Below, the situation for $A,D$ up to 50 is illustrated a little differently: for any given value of $D$, the image shows in green all values of $A$, where the probability for the attacker to win is above 50%.

Looking at the smallest $A$ with a win probability of more than 50% for a given $D$, we see that this line is below the $A=D$ line. This shows that the attacker has a slight advantage. Furthermore, the smallest such $A$ can be found approximately as $A_{\min} \approx 1.2204 + 0.8525\cdot D$.

Another way to illustrate the findings is by slicing the table of probabilities for a given value of $D$. In the previous plot, slices for $D=15,25,35$ are shown. Given the value of $D$, the corresponding probability for the attacker to win as a function of the number of attacking armies is shown below:

The vertical line in each plot shows the smallest number of attacking armies, s.t. the probability of the attacker winning is greater than 50%. The values are 14,23,31, respectively.

To get an impression of how many armies are lost as part of an $A$ vs. $D$ battle, let $\Delta$ denote a random variable describing the number of armies the attacker has left at the end of the battle minus the number of armies the defender has left at the end. Note that since the battle ended, either the attacker or the defender must have zero armies left. The support of $\Delta$ is $\{-D,\ldots,-1,1,\ldots,A\}$; below is shown the corresponding probability mass function (PMF) of $\Delta$ for the 50 vs. 50 battle.

Note that if $\Delta>0$, then the attacker wins. Hence, for better visualization, the plot of this sawtooth shaped PMF is colored using the two outcomes of the battle.
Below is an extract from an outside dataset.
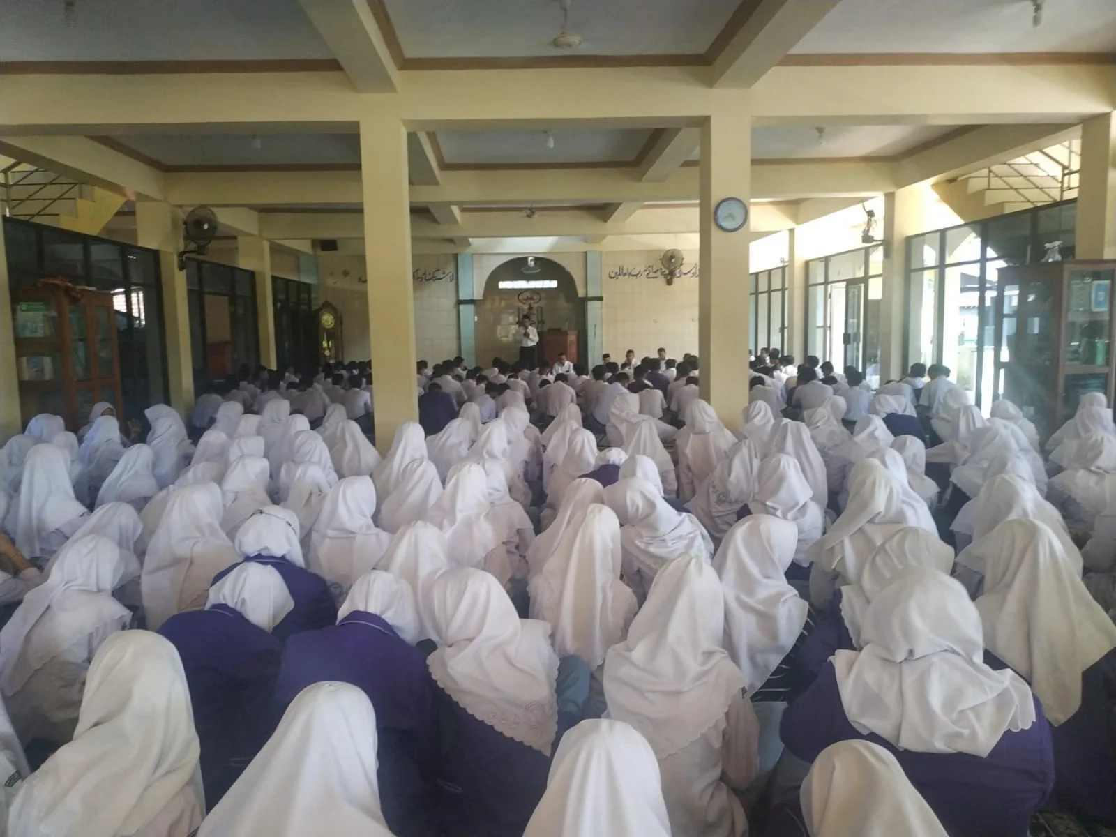 Wonosari (MAN 1 Gunungkidul)- Guru, pegawai, dan siswa-siswi MAN 1 Gunungkidul melaksanakan halal bihalal di Masjid Al Hidayah. Halal bihalal diselenggarakan pada hari Senin (22/04/2024).Perwakilan siswa MAN 1 Gunungkidul, Tessa Nurul Izzah menyampaikan permintaan maaf kepada guru dan pegawai. Perwakilan guru dan pegawai, Sulaiman, S.Ag. menanggapi permintaan maaf tersebut. “Taqobbaalallahi minna wa minkum taqobbal ya karim, kulla ‘amin wa antum bikhair, minal aidzin wa faidzin. Kita saling memaafkan atas segala kesalahan dan kekhilafan. Semoga kita menjadi Fitri,” ujarnya. Acara diakhiri dengan saling berjabat tangan.

The overall probability for the attacker to win is 73.6%, which can be found as the sum of the cyan bars. If focus is restricted to the number of armies the attacker loses during the attack, one could instead consider $L:=\max(0,\Delta)$, which corresponds to stacking all red bars of the PMF in the value 0, while keeping the cyan part. The expected number of armies the attacker looses in a battle won is then $A-\operatorname{E}(L|L>0)$, which for the given 50 vs. 50 battle means that the attacker is expected to lose 37.8 armies when winning.

Discussion

Counting is a powerful technique in combinatorics and dice-based probabilities. The counting can be implemented on a computer by representing the full sample space using tables or arrays. The risk of making mistakes when counting in such structures is often lower than in more involved probability calculations, e.g. order statistics or conditional distributions. However, in many combinatorical problems the state space quickly exceeds manageable sizes. Monte Carlo simulation offers a quick alternative for verifying probability calculations, and is effective even in untractably large state spaces.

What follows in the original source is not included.